▸ RECORDED INFORMATION
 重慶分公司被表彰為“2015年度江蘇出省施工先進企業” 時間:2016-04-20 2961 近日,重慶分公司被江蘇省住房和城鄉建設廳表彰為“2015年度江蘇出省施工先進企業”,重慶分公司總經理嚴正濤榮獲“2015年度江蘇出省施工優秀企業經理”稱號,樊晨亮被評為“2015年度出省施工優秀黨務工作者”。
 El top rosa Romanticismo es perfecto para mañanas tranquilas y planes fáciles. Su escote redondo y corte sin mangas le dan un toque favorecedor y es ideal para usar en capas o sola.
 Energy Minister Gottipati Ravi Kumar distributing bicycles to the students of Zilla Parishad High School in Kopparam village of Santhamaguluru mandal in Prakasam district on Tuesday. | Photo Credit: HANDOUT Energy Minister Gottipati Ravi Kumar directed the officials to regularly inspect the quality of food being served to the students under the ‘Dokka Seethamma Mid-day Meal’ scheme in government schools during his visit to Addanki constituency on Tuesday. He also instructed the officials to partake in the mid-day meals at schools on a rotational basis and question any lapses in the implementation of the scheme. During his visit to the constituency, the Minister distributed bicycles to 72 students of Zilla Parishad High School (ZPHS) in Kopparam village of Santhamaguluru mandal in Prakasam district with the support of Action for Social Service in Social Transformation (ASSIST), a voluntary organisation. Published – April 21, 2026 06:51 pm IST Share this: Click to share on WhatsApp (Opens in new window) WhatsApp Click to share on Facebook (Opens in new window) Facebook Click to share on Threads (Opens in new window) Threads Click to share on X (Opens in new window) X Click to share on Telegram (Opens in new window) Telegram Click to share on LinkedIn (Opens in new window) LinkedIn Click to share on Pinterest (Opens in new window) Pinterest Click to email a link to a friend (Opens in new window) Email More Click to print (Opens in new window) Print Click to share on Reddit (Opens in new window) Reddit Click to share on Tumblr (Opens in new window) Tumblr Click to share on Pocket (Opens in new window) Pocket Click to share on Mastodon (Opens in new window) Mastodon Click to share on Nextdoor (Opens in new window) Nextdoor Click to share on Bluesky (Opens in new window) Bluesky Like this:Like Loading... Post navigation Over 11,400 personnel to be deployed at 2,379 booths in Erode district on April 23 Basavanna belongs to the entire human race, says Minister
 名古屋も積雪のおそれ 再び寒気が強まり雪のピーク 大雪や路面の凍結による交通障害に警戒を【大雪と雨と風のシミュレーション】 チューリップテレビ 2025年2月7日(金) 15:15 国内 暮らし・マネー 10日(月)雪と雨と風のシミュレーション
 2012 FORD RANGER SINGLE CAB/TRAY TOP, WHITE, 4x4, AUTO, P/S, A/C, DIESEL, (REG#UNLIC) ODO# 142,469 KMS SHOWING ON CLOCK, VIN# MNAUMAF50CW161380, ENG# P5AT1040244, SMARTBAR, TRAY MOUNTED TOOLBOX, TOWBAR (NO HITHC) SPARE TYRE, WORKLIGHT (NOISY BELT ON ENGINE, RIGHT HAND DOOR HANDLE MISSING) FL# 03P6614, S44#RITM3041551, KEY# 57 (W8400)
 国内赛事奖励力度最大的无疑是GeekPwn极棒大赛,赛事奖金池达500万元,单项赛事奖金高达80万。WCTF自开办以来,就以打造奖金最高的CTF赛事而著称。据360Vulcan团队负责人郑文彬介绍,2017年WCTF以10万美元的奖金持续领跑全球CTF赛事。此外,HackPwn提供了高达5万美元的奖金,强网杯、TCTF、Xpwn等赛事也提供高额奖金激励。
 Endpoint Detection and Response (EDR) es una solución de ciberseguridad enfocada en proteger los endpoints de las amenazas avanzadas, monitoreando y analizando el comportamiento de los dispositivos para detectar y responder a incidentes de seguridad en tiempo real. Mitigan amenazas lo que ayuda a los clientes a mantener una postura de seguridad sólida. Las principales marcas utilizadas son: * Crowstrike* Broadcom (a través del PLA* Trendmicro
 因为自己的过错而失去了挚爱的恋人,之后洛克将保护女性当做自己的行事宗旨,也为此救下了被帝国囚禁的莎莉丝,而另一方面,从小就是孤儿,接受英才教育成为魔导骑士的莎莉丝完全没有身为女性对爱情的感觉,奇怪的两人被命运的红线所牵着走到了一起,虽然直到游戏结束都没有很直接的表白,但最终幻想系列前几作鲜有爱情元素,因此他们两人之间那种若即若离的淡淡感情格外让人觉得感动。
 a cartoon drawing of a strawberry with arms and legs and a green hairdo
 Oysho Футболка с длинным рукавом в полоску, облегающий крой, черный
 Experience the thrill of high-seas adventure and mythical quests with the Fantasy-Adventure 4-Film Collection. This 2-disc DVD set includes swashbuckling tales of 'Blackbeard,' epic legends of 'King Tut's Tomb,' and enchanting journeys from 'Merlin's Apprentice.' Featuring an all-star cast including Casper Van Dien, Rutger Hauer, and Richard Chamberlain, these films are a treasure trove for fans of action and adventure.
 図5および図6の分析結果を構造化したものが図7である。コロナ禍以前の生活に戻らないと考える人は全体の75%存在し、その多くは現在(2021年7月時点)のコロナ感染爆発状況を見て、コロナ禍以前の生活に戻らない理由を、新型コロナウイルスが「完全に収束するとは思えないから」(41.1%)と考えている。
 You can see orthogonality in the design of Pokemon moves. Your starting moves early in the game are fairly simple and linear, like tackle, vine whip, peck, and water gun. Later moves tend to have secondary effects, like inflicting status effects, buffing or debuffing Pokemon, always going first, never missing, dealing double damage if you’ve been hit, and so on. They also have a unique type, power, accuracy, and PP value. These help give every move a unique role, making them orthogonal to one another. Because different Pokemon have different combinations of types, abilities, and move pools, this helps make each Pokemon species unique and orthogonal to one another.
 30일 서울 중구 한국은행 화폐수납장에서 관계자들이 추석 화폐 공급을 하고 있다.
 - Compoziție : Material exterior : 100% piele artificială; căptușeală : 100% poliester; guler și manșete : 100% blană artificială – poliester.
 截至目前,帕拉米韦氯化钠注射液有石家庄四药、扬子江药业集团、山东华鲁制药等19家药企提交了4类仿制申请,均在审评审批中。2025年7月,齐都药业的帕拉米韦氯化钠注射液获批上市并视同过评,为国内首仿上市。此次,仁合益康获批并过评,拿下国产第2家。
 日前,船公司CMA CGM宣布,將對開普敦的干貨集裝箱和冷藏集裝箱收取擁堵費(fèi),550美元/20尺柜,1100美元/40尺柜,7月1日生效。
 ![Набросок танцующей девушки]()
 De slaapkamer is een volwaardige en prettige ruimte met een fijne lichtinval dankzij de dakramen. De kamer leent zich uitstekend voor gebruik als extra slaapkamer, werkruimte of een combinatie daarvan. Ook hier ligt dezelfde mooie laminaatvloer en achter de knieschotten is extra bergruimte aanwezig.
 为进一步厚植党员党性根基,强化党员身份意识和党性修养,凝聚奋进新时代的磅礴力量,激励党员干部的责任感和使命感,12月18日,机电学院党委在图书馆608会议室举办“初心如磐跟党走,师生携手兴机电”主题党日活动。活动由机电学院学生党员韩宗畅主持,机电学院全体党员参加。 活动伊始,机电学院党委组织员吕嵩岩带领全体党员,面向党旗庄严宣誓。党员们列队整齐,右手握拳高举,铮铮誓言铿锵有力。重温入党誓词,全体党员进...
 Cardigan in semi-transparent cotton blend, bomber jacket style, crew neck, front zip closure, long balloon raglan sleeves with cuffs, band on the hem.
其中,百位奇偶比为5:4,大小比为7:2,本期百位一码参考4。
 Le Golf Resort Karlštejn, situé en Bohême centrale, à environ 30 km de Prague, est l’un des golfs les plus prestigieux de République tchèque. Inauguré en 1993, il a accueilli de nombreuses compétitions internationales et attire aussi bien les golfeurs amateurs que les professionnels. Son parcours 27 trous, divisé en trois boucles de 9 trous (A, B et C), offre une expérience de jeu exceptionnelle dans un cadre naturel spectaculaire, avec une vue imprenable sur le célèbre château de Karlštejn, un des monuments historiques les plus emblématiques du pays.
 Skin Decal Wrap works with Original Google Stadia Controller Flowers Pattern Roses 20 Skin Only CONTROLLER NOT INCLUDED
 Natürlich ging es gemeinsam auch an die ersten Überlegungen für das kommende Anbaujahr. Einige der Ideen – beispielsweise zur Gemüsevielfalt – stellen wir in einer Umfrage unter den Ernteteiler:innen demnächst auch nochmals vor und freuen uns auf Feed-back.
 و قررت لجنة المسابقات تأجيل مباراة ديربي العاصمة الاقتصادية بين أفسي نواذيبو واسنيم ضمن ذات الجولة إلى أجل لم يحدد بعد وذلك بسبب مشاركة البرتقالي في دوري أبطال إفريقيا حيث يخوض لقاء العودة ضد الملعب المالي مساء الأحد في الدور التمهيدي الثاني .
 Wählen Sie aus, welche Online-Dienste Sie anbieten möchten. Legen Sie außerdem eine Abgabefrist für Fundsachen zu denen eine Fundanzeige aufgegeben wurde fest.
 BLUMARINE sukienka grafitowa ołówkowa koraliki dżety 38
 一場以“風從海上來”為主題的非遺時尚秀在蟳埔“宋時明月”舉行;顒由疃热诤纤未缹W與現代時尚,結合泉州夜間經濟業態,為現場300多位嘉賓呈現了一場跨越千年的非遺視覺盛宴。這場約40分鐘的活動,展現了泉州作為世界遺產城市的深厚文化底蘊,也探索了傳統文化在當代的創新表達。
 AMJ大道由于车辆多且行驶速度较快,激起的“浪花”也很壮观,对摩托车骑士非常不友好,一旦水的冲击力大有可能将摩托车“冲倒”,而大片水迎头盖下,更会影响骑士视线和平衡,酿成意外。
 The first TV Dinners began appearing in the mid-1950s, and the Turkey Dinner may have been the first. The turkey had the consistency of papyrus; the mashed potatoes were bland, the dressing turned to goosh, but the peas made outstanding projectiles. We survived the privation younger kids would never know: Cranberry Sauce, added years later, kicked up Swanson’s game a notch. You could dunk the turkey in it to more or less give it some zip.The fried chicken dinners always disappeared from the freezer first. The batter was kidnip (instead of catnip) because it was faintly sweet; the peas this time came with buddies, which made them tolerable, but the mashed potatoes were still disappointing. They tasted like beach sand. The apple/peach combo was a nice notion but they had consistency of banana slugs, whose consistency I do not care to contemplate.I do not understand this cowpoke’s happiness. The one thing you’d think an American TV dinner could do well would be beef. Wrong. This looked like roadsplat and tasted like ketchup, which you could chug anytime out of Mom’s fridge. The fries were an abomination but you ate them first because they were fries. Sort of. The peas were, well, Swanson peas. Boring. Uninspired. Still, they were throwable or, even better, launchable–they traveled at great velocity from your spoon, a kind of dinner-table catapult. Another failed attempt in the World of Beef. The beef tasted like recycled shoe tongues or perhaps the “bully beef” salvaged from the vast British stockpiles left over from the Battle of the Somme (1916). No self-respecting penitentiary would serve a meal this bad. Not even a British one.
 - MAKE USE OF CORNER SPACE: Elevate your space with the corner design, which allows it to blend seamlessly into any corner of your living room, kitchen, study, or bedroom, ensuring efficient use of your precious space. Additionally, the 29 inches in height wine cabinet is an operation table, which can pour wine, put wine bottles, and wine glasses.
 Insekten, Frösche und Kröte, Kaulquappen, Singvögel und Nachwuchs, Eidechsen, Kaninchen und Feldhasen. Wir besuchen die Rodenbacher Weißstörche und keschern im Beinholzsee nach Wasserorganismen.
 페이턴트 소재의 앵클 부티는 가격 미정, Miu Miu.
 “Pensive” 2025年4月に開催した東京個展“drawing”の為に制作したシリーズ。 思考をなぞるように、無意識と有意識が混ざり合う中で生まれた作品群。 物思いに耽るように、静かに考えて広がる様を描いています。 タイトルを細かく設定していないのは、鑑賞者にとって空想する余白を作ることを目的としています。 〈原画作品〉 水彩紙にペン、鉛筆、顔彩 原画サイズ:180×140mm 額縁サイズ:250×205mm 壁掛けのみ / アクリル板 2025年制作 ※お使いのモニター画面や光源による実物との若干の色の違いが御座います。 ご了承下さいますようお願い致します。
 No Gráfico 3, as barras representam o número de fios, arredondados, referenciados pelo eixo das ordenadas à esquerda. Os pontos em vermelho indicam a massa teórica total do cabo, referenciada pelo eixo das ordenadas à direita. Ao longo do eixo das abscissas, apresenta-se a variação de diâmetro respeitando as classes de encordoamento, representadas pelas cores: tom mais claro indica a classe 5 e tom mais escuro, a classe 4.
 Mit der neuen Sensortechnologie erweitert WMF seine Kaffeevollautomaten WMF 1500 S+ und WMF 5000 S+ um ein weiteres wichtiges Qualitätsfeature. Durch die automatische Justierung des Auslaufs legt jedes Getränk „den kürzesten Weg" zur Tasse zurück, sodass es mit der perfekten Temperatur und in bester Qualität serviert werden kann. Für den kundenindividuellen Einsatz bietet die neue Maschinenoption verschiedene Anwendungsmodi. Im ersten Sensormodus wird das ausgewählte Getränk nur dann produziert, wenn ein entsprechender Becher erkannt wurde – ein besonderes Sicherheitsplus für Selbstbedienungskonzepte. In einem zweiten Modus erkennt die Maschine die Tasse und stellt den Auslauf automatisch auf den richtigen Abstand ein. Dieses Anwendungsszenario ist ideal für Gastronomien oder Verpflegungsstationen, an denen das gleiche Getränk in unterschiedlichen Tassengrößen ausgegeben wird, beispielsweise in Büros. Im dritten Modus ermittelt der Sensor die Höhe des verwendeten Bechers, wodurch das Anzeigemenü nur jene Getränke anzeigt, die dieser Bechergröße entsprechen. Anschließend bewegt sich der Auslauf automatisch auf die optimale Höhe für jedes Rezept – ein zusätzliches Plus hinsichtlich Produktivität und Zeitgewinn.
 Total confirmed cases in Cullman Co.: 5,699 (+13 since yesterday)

▸ WHAT YOU ARE ASKED TO DO
Across the listing above, count the lines that include "wurde" and give the figure with no other words.

▸ SOLUTION FOR THIS EXERCISE
2